"Bardzo trafione osoby", "nie spodziewam się wielkich sukcesów". Komentarze po rekonstrukcji rządu

Polska
"Bardzo trafione osoby", "nie spodziewam się wielkich sukcesów". Komentarze po rekonstrukcji rządu
Polsat News

"Nie spodziewam się po zmianach w rządzie »wielkich sukcesów i fajerwerków«", "to są zmiany na kilka miesięcy" - stwierdził rzecznik PSL Jakub Stefaniak po rekonstrukcji gabinetu Mateusza Morawieckiego. - Dotychczasowi ministrowie znaleźli bardzo godnych następców - powiedział tymczasem po zaprzysiężeniu kandydatów przez prezydenta Stanisław Karczewski, marszałek Senatu.

Przewodniczący Komitetu Stałego Rady Ministrów Jacek Sasin został we wtorek powołany na stanowisko wicepremiera, a Elżbieta Witek - na stanowisko ministra spraw wewnętrznych i administracji, zastępując Joachima Brudzińskiego. Marian Banaś został powołany na stanowisko ministra finansów na miejsce Teresy Czerwińskiej. Bożena Borys-Szopa została ministrem rodziny, pracy i polityki społecznej za Elżbietę Rafalską. Dariusz Piontkowski objął stanowisko ministra edukacji narodowej w miejsce Anny Zalewskiej.
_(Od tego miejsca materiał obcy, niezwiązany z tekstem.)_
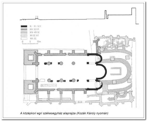 István király 1001-1010 között megalapította Szent János tiszteletére az egri püspökséget. A székesegyház építkezéseit a hagyomány szerint maga a király irányította a szomszédos Királyszék nevű dombról. Az építkezést 10-11 év alatt fejezték be, miközben a várost is fallal vették körül. Soós szerint e vár keleti oldalán felvonóhíddal ellátott kaput nyitottak, és innen mély árkon átvezető hidon lehetett az Almagyarra jutni. Ez időben vésték a sziklába a kb. 75 m mély, 2,5 m átmérőjű kutat. A Sáncban is folytak építkezések, ahol az őrség számára épültek lakóhelyiséget. Ez az építkezés 1047-ig tartott, amikor a fellázadt nép Vata vezetésével a még befejezetlen várat megrongálta. A hadi célokra még meg nem felelő várat 1241-ben a tatárok elfoglalták és a várossal együtt lerombolták.
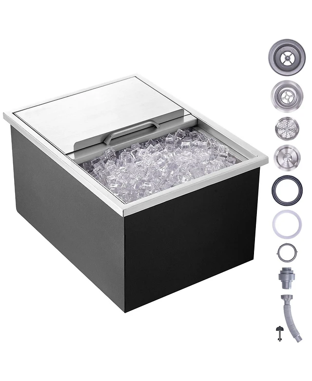 Mecale Drop-In Stainless Steel Ice Chest, 40.9 Qt with Sliding Lid
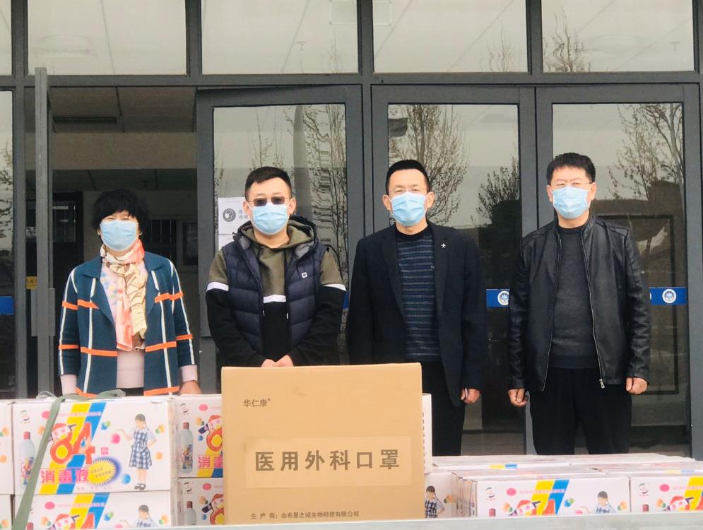 4月1日,泰安玉兴家纺有限公司经理侯超,从泰安驱车170公里赶到我院,爱心捐赠84消毒液100箱、医用口罩2000副等防疫物品,价值12700余元。
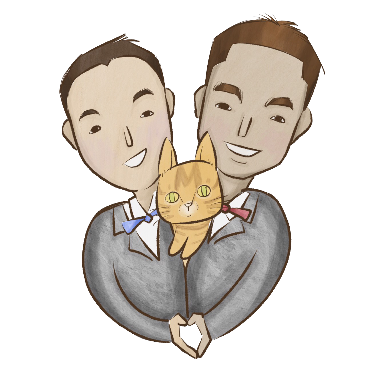 This is the design for my best friend since high school. Being gay growing up in a small town is not easy. We have been through ups and downs together, and extremely lucky to have each other along the journey. I am so happy for him to find the perfect life partner. Han asked me to create a cartoonish version of them as the theme of the wedding. I am not an expert on creating a lively portrait of anything. What I am doing is picturing them in my cartoony realm.

Szef Kancelarii Prezesa Rady Ministrów Michał Dworczyk i były wiceminister sprawiedliwości Michał Woś zostali powołani na stanowiska ministrów - członków Rady Ministrów. 

 

Karczewski: to bardzo trafione osoby

 

- To bardzo trafione osoby. Świetnie będą realizowały misję swoich poprzedników, a przede wszystkim działania rządu Prawa i Sprawiedliwości - powiedział dziennikarzom marszałek Senatu Stanisław Karczewski.

 

Przekonywał, że nowo mianowani: wicepremier i ministrowie są "bardzo samodzielni", a także są "bardzo doświadczonymi politykami". Dodał, że będą realizować program wyborczy swojego ugrupowania i działać na rzecz Polski.

 

Z kolei na Twitterze marszałek podziękował dotychczasowym członkom rządu. "Dziękuję za dotychczasową pracę członkom rządu, którzy od dziś będą kontynuować ją w walce o polskie interesy w #PE. Nowo mianowanym ministrom gratuluję i jestem przekonany, że są gwarancją na kontynuacje DOBREJ ZMIANY!" -  napisał. 

 

 

Siemoniak: rząd bije rekord liczby ministrów i wiceministrów

 

Do rekonstrukcji rządu na Twitterze odniósł się wiceprzewodniczący Platformy Obywatelskiej Tomasz Siemoniak.

 

"Rok temu pan Michał Woś w związku z ograniczaniem liczby wiceministrów został odwołany z rządu. Teraz został ministrem - członkiem Rady Ministrów bez resortu. Rozdawanie zbędnych tek służy do balansu między grupami w PiS, a rząd bije rekord liczby ministrów i wiceministrów." - napisał. 

 

 

Lubnauer: techniczna zmiana, którą PiS próbuje przykryć obchody 4 czerwca

 

Wtorkowa rekonstrukcja rządu to techniczna zmiana, którą PiS próbuje przykryć obchody 30. rocznicy wyborów 4 czerwca 1989 r. - powiedziała szefowa Nowoczesnej Katarzyna Lubnauer. Jej zdaniem, nic nie jest w stanie poprawić funkcjonowanie rządu PiS.

 

Zdaniem szefowej Nowoczesnej rekonstrukcja rządu była techniczną zmianą polegającą na "zapchaniu dziur po ministrach, którzy odeszli do Parlamentu Europejskiego". - Nie mam wrażenia, by cokolwiek było w stanie poprawić funkcjonowanie tego rządu - oceniła Lubnauer.

 

- Dla mnie najbardziej oburzający i kompromitujący jest fakt, że PiS próbuje przykryć obchody tak ważnego dla Polaków święta, jakim jest 4 czerwca przy pomocy zmian w rządzie, które nie są rewolucyjne, a wynikają tylko z przewidywalnego faktu, że cześć ministrów odeszła do PE - powiedziała Lubnauer.

 

Liderka Nowoczesnej krytykowała niepowołanie na ministra edukacji narodowej jednego z dotychczasowych wiceszefów resortów. - Uważam to za błąd, że wsadzono do MEN nowego człowieka, który dotychczas nie wykazał się żadnymi osiągnięciami, ani doświadczeniem związanym z zarządzaniem oświatą. I to w tak trudnym dla edukacji momencie ze względu na chaos i oczekiwania płacowe nauczycieli. Poza tym ma poważną wadę, że jest bardzo ideologiczny, przez co będzie mu trudno pozyskiwać szerokie grono nauczycieli do współpracy - uważa Lubnauer.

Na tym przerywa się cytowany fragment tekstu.